We now quote from the findings made by the sentencing panel in its order, which findings are fully supported by uncontroverted evidence:
In his confessions [Moore] stated that he killed each of the victims in order that the victim would not be able to identify him as the robber.
Moore thereafter, on June 29, 1982, filed a motion for postconviction relief, which the district court denied on May 6, 1983, and which denial we affirmed on June 8, 1984. State v. Moore, 217 Neb. 609, 350 N.W.2d 14 (1984).
As a consequence, on November 14, 1984, Moore sought relief through a petition for a writ of habeas corpus filed in the U.S. District Court for the District of Nebraska. That court granted Moore relief by an order dated September 20, 1988. Moore v. Clarke, No. CV84-L-754 (D.Neb. Sept. 20, 1988). The State of Nebraska, the plaintiff-appellee in the instant proceeding, then appealed the Clarke decision to the U.S. Court of Appeals for the Eighth Circuit, which, on May 25, 1990, affirmed the grant of habeas corpus relief, holding unconstitutionally vague, both on its face and as interpreted by this court, the italicized exceptional depravity component of aggravating circumstance Neb.Rev.Stat. § 29-2523(1)(d) (Reissue 1995), that is, that the "murder was especially heinous, atrocious, cruel, or manifested exceptional depravity by ordinary standards of morality and intelligence." (Emphasis supplied.) Moore v. Clarke, 904 F.2d 1226 (8th Cir.1990), cert. denied 504 U.S. 930, 112 S.Ct. 1995, 118 L.Ed.2d 591 (1992).

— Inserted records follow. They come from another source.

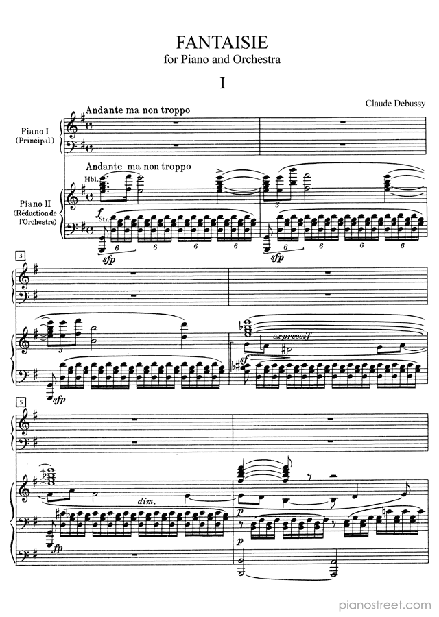 Fantaisie for Piano and Orchestra in G Major by Claude Debussy. Sheet music and recordings of thousands of piano pieces by Claude Debussy and many other famous composers to view in your digital device, print out or listen to.
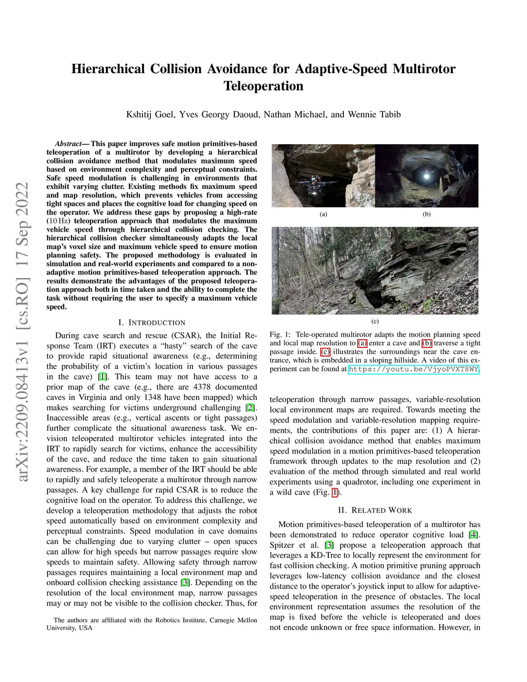 Hierarchical Collision Avoidance for Adaptive-Speed Multirotor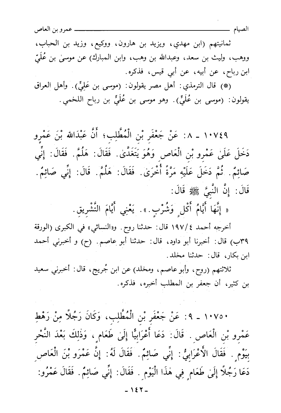 - وفي رواية: عَنْ جَعْفَرِ بْنِ الْمُطَّلِبِ، أَنَّ عَبْدَ اللهِ بْنَ عَمْرِو بْنِ الْعَاصِ دَخَلَ عَلَى عَمْرِو بْنِ الْعَاصِ، فَدَعَاهُ إِلَى الْغَدَاءِ، فَقَالَ: إِنِّي صَائِمٌ، ثُمَّ الثَّانِيَةَ كَذَلِكَ، ثُمَّ الثَّالِثَةَ كَذَلِكَ، فَقَالَ: لَا، إِلَاّ أَنْ تَكُونَ سَمِعْتَهُ مِنْ رَسُولِ اللهِ صلى الله عليه وسلم، فَقَالَ: فَإِنِّي سَمِعْتُهُ مِنْ رَسُولِ اللهِ صلى الله عليه وسلم. (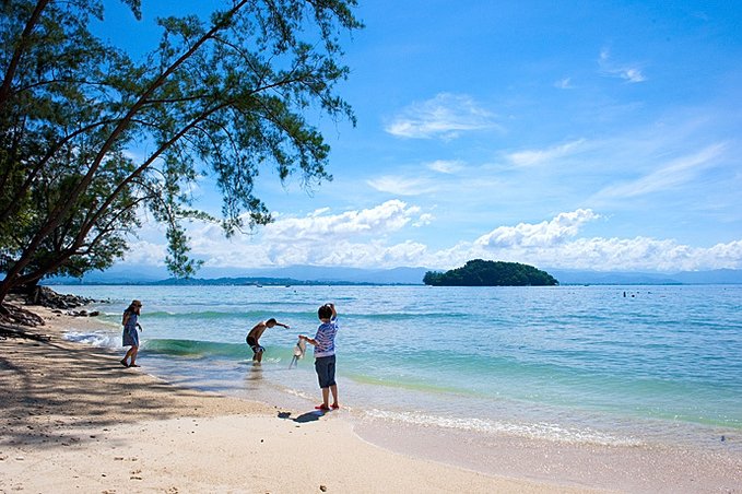马奴干岛上绵长的沙滩,很多带着小朋友的家庭在这里玩耍,和孩子一起坐在沙滩上,光着脚一起堆一座沙塔。玩累了,一家人躺在沙滩的林子里任海风轻拂,也是一种闲适悠然的愉悦。

The U.S. District Court thereafter, on July 1, 1992, issued an order directing that Moore's sentences be reduced to life imprisonment unless the State initiated resentencing proceedings within 60 days. On July 23, the State filed in this court a motion asking that we redefine the exceptional depravity component of aggravating circumstance § 29-2523(1)(d) so as to satisfy the federal courts' constitutional objections, apply such redefinition to the circumstances of the case, reweigh all the aggravating and mitigating circumstances, and determine appropriate sentences. We noted that although we were of the view that this court possessed the authority to resentence Moore, the Eighth Circuit thought otherwise; we therefore concluded that notwithstanding that we were not bound by the Eighth Circuit's view, the interests of judicial economy would be better served by remanding the cause to the district court. We thus did so on July 9, 1993. State v. Moore, 243 Neb. 679, 502 N.W.2d 227 (1993).
Moore claims, in reorganized order, that the resentences cannot stand because (1) the proceedings at which they were imposed were untimely, (2) the resentencing panel applied the unconstitutional aggravating circumstance § 29-2523(1)(b), (3) the resentencing panel impermissibly formulated and applied a definition of the "exceptional depravity" component of aggravating circumstance § 29-2523(1)(d), (4) the death penalty is applied inconsistently, (5) objective sentencing standards are lacking, (6) the resentencing panel improperly considered Moore's custodial statements, (7) there exists no meaningful proportionality review, and (8) the resentencing panel failed to make appropriate findings.